Wednesday, May 25, 2005

 

IDENTIDAD

Siempre pensé que debería haber hecho como Freud: escribir todas las historias que recogí en el consultorio: con su correspondiente interpretación y el hilo conductor permanente que me permitió seguir el caso. No se si hoy sería el referente obligado de la psicoterapia latina, pero en cambio mi prestigio científico me enorgullecería. En cambio soy un viejo artesano jubilado, que sabe regar muy bien el jardín, pasear con los nietos y recordar con detalles emocionantes sus encuentros sexuales de juventud.
¿Cómo me podría definir? Como un modesto profesional, tal vez un algo más exitoso que otros por el estilo obsesivo con que me dedicara a cada uno de mis pacientes.
Hace poco reflexionábamos sobre el tema con mi odontólogo, también muy entregado a sus dotes profesionales. Pareciera como que ambos coincidíamos en que tal vez hubiéramos querido ser lo que no éramos. Claro que, en síntesis y dando por tierra con cualquier otra interpretación, a ambos nos ha ido bastante bien. Pero nuestra imaginación agregaba cosas mucho mejores como ambición no cumplida. Han pasado muchos casos así por mi consultorio. Demasiada gente que no pudo ser lo que quería, y en cambio lo que era no los satisfacía.
Eso era María Eva.
El motivo que la había empujado a conocerme había sido que ella se autodefinía como pobre, gorda y bastante inculta, pero pensaba que la felicidad aparecería inmediatamente de cambiar tales parámetros, de manera tal de ser rica, flaca y "doctora en algo que le gustara".
A poco que fui conociendo sus pensamientos, descubrí que todo parecía no ser tan así, ya que parecía disfrutar muchísimo de lo que ella misma denominaba sus "penares"
- ¡Usted sabe por qué me pusieron mi nombre?

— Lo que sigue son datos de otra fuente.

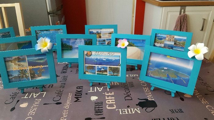 Journée productive. Voici nos photos de table. Les mêmes photos seront sur le plan de table. Il sera écrit "admirez votre vue pour trouver votre table". Le plan de table sur la planche n'est pas fini. LolIl serait temps de commencer la déco à 68...
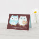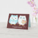 Un marié de hibou bleu clair portant une cravate arc et une chemise fantaisie fantaisie se tient la main avec sa mignonne mariée au hibou tenant un bouquet de fleurs coloré. Une carte de félicitations amusante pour le nouveau Mr et Mme Text peut être personnalisée avec votre propre salutation spéciale pour le couple heureux. Une carte originale de félicitations pour les mariages qui se marient.
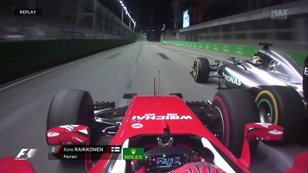 Kimi Räikkönen ohitti Lewis Hamiltonin upeasti Singaporen GP:ssä sunnuntaina.
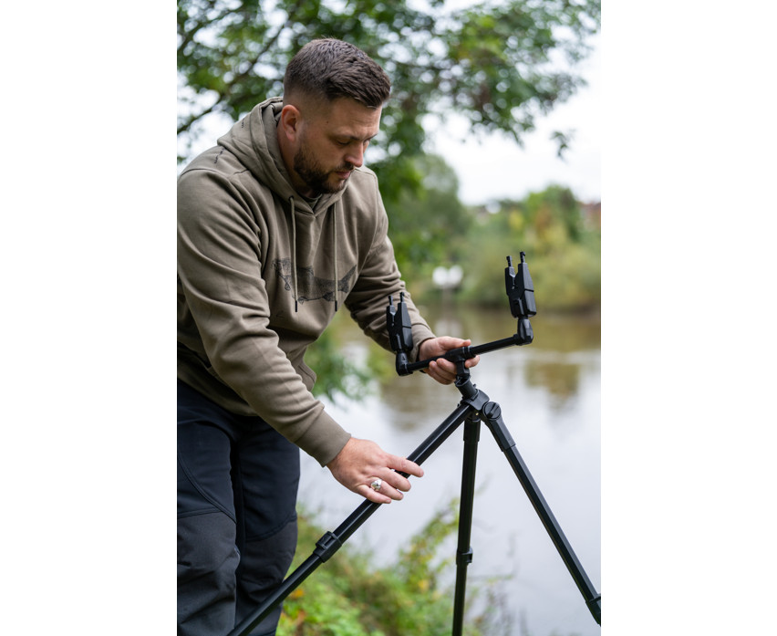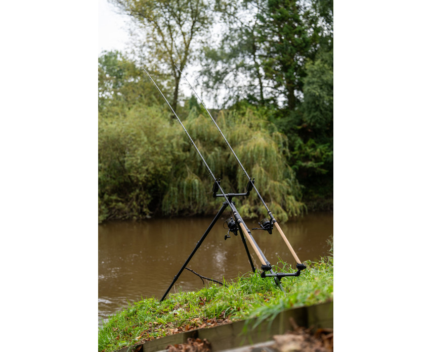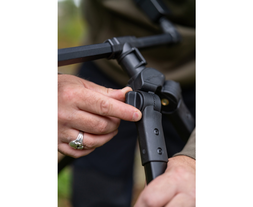 Korum Progress Compact River Tripod Dreibeinstativ. Die kompakte Version unseres legendären River Tripods, jetzt mit vorderem und hinterem Buzz Bar. Diese super stabile Konstruktion besteht aus verdrehsicherem Extrudat, das eine kippsichere Auflage für Ruten und Rollen garantiert. Der Rahmen kann während des Gebrauchs ausgezogen werden, lässt sich aber dank der doppelten Cam Lock Verschlüsse leicht zusammenpacken, wodurch er beim Transport viel weniger Platz einnimmt. Die dicken Buzz Bars sind unglaublich stark und verfügen über ein hervorragendes gewindeloses Schnellverschluss-System, sodass sie beim Auf- und Abbau nicht ein- und ausgeschraubt werden müssen. Drücken Sie einfach den Auslöser des Cam Lock Verschlusses, setzen Sie die Elemente ein und schon kann das Angeln beginnen! Der hintere Buzz Bar kann in verschiedene Neigungspositionen eingestellt werden.

- Imagino que por Eva Perón.
- Nací el día que ella murió. Así como los muy cristianos pueden poner Nopuceno a un pobre chico que haya nacido el día de ese santo, a mi familia muy peronista no se le ocurrió mejor nombre que el de la que ellos consideraban su ídola.
- Bueno: su familia adoraba a Evita, supongo que la adoración se debió trasladar a usted (yo intentaba aportar una visión algo optimista).

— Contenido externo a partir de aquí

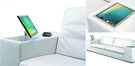 Priced at $15,436, the Athena could quite possible be the first and only sofa with an integrated PC. While technical specifications haven't been released, "we're guessing that those integrated screens that fit so snugly into the armrests feature touch sensitivity." Click here for one more picture.
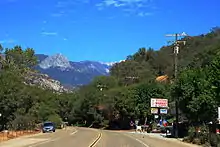 A 2010 view of Three Rivers from California State Route 198, looking northeast toward Sequoia National Park. The monolith looming in the left background is Moro Rock.
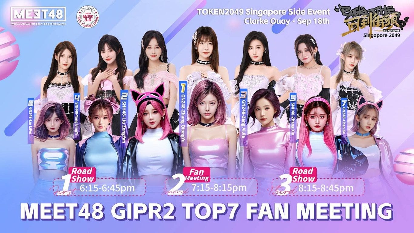 MEET48 sẽ mời 7 thành viên của SNH48 tham gia sự kiện offline của chúng tôi tại Singapore. Đồng thời, chúng tôi sẽ dần dần triển khai hệ thống phát triển thần tượng MEET48 tại Nhật Bản, Hàn Quốc, Đông Nam Á, Đài Loan và Hồng Kông, tận dụng tối đa AI để hạ thấp ngưỡng tham gia của người dùng và sử dụng cơ chế token để khích lệ ngày càng có nhiều người muốn trở thành thần tượng để thực hiện ước mơ của mình.
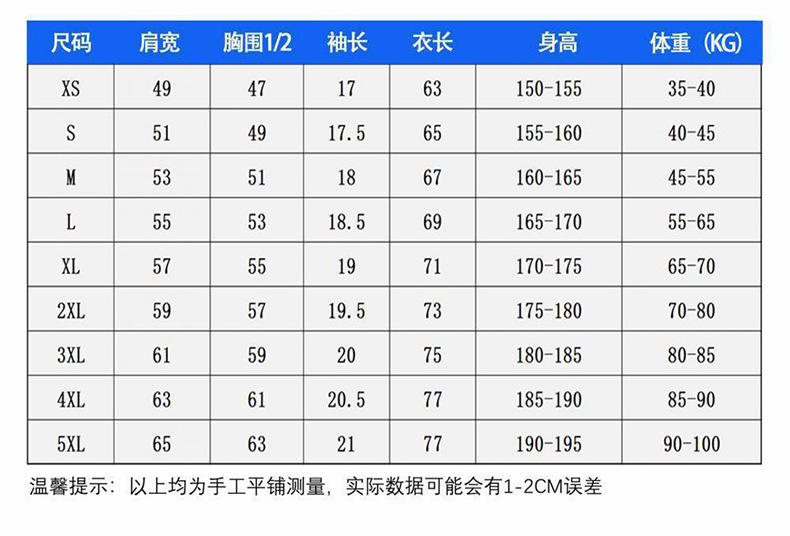 | Tamaño | XS,S,M,L,XL,XXL,XXXL,4XL,5XL |
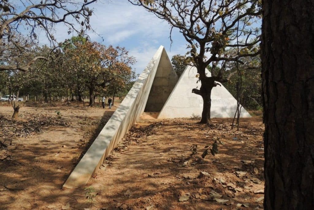 En la Ruta del Peregrino encontrarás a través de 117 kilómetros diversas intervenciones arquitectónicas de autores como Ai Weiwei, Alejandro Aravena y Tatiana Bilbao. De esta última nacen las Majadas, dos estructuras de concreto que se entrelazan para crear una particular forma.
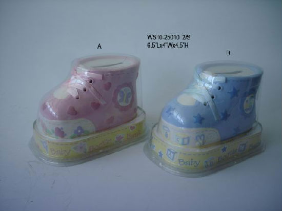 This gorgeous saving bank features a pink baby shoe design. It boasts allover heart patterns and a ribbon shoelace for extra cuteness. This adorable yet functional saving bank makes a great gift idea.
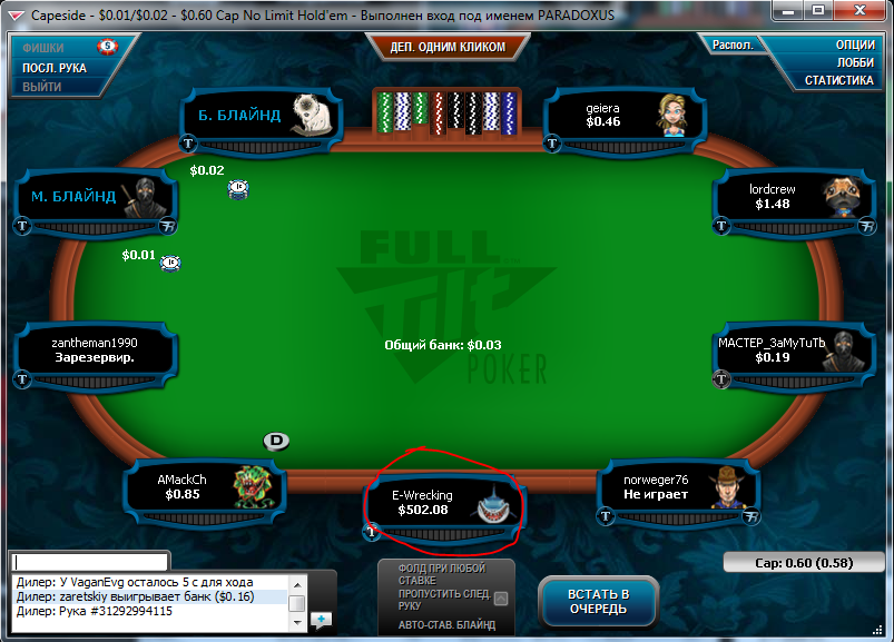 -ом, который хз чё делает с 500$ на 0,01/0,02 кеп столе
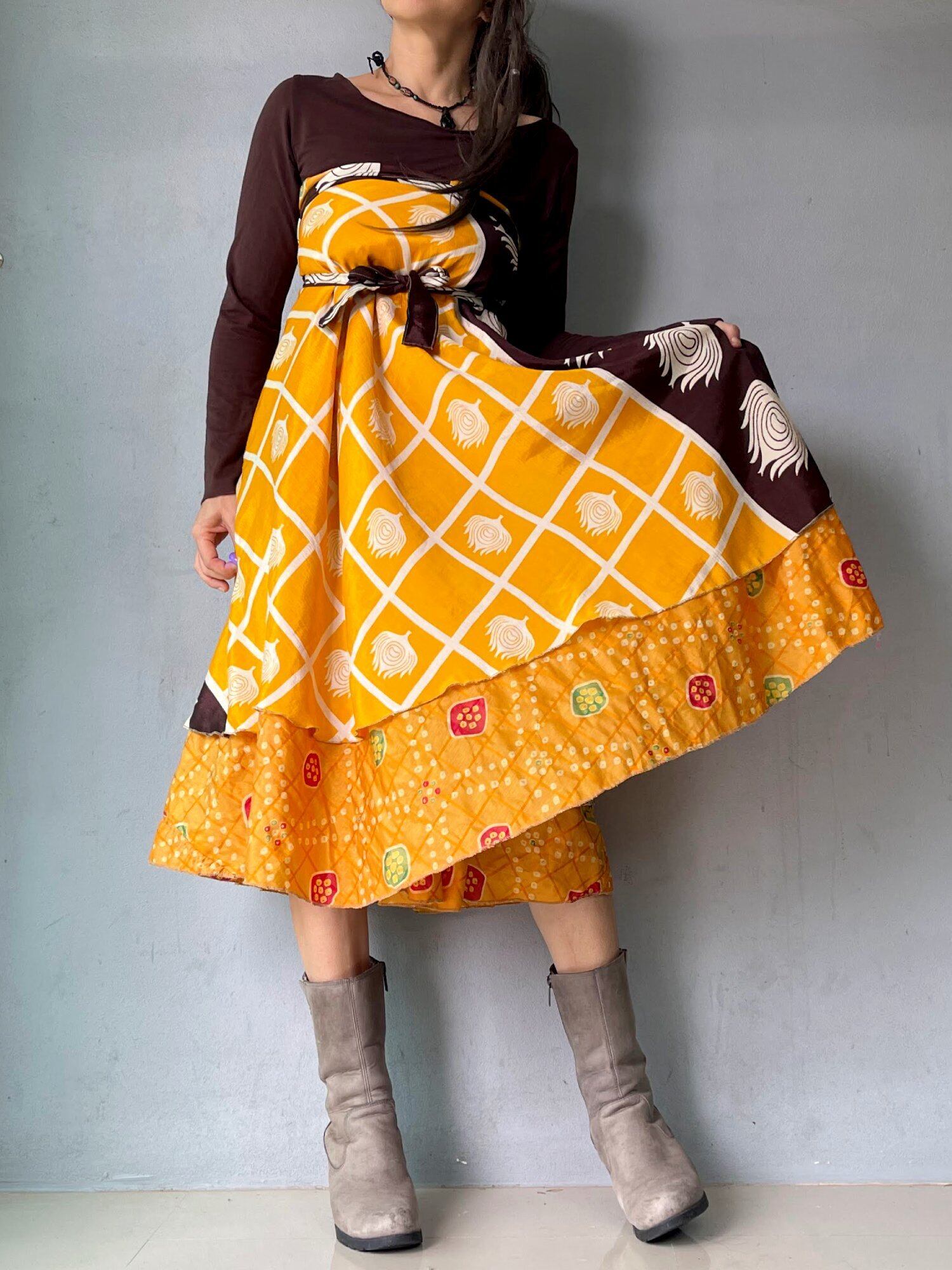 美しいインドの伝統が息づく、オールドサリーをリメイクした巻きスカートが登場しました!一枚ずつセレクトされたサリーから作られたこのスカートは、実に個性的で、他にはない唯一無二のアイテムです。
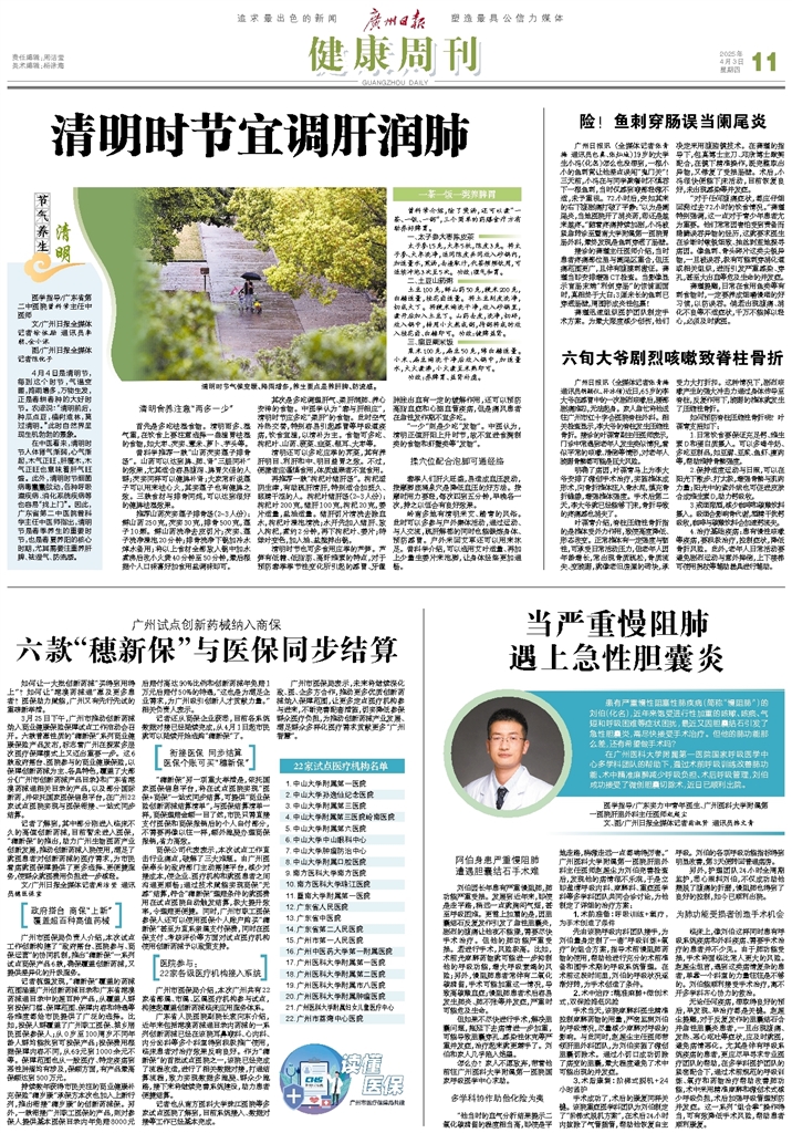 广州日报健康周刊 A11六款“穗新保”与医保同步结算 周洁莹2025-04-03 2 2025年04月03日 星期四

- ¿Usted cree bueno asociar mi nombre al de alguien que muere en el momento que yo nazco?
En eso debía tener razón: fue ella la que vivió por siempre el resultado de la experiencia, y no yo que simplemente trataba de "buscarle" al asunto un costado mejor. No pareciera en realidad ser muy alentador saber que uno "ligó" nada menos que su nombre de alguien que moría de un cáncer horrible.

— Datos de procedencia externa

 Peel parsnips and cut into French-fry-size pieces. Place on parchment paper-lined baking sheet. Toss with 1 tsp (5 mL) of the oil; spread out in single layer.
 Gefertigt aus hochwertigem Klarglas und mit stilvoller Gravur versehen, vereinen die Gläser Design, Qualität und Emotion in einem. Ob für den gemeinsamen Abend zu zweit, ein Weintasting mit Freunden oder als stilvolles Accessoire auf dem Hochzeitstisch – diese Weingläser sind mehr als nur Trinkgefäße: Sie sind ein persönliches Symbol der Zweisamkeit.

Aquello iría a ser, además, una eterna complicación para mi paciente. Durante su niñez debió padecer la persecución que vivió el peronismo, que incluía nada más y nada menos que ¡la prohibición oficial por ley de nombrar a Eva!
Aquella situación se complicó aún más con todos los rumores que la oposición había tejido sobre la muerta, referencias que habían servido como modelo para el nombre ejemplar de la niña.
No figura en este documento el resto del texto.